The perceived delay by the President to assent to the law regulating genetic engineering is causing anxiety among some sections of the scientific community with some now doubting whether the president actually received the bill while others doubting the government’s commitment to implementing it’s own agenda especially on agricultural transformation.
Still, despite the dwindling hope that the government is ready to embrace science and evidence-based policies, there are voices, even actions of resilience among the scientific community to move forward towards the release of products of genetic improvement.
In November 2018, Parliament passed a revised bill that most scientists described as a bad law whose spirit, they say was to frustrate innovations and adoption of GMO technology and went counter to the original objectives of the legislation- which was to promote the safe development of genetically engineered crops. This was In response to the president’s view to have a system that would safeguard indigenous crop and animal species.
The constitution gives the president up to 30 days to assent to a bill to become law.
But ever since Parliament passed the amended instrument, there is fear that the bill might not have reached the president’s table or perhaps if it reached, it might have been smuggled away by the mafia to frustrate the realisation of fruits arising from years of development of GMOs.
“We have no evidence that the president actually received the bill,” said Arthur Makara, the Commissioner for science outreach and communication in the Ministry of Science Technology and Innovations (STI).
Efforts by The Sunrise to establish the status of the bill from the relevant bodies ie State House and Parliament hit a dead end. The President’s spokesperson Don Wanyama told this reporter that he was unaware of the status of the bill as he was in the field by the the time of the call. And the Director of Communication at Parliament Chris Obore’s phone was off by the time of the call.

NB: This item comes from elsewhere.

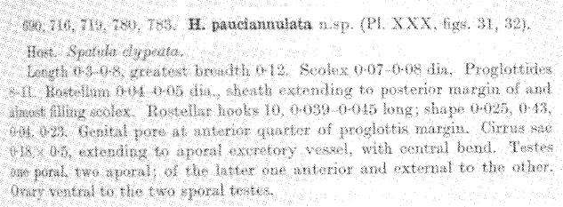 Meggitt, F. J. 1927. Report on a collection of cestoda, mainly from Egypt. Part II. Cyclophyllidea: Family Hymenolepididae. Parasitology 19: 420-450. (5330) Download PDFYamaguti, S. 1959. Systema Helminthum. Vol. II. The Cestodes of Vertebrates. Keigaku Publishing House, Tokyo, 860 pp. (694) Download PDF |

Despite the prevailing atmosphere of uncertainty, some prominent scientists are voicing readiness to move ahead with the bad law, in order to safeguard the many achievements Uganda has recorded in a rapidly evolving global economic and research environment.
Dr. Theresa Ssengooba, a member of the board of the Uganda National Council for Science and Technology (UNCST) and one of the foremost breeders in the country, argues that there is consensus among Ugandan scientists that they should move ahead with the development of GMOs.
“We are determined to move forward with the research. We believe that people’s mindset will gradually change in favour after realising the benefits of the technology,” She added.
“Scientists think that we can continue with research and have products that will change the mindset of the people because whether you like it or not, GMOs will be good for this country.”
Ssengooba made the comments while speaking to a group of science journalists in Kampala this week. Her comments came after a presentation by Akille Sunday Igu, the Legal and Policy Programme Officer of the African Biosafety Network of Expertise (ABNE), a scientific body of Experts established the African Union Commission.
Akille, argued that Parliament introduced restrictive provisions of Strict Liability provisions against Patent holders of the technology as a deterrence for them to develop and propagate the technology despite evidence that its application heralds numerous benefits for millions of poor farmers and the Ugandan economy.
He argued however that the Strict Liability provisions go against the African Union vision 2063 dubbed as The Africa We Want that seeks to increase agricultural productivity using science.
“Provisions like these will be repulsive for developers of technology that would have helped to create jobs and raise the incomes of poor people,” said Akille.
The direction of Uganda’s regulatory environment is going against the wind of change across the continent that is aimed at removing the restrictive laws in order to encourage research.
Ethiopia, Tanzania, Eswatini, formally known as Swaziland have all relaxed their laws and are moving rapidly towards commercialisation of Genetically Modified crops.
The recent attacks by the Fall Army Worm that destroys maize as well as frequent droughts, and the need to revive the cotton industry in most of the those countries has triggered the mindset change.
As Dr. Ssengooba observed; “Countries that had introduced strict liability provisions, research comes to a dead end because no scientist wants to be held accountable for crimes that may be committed by others.”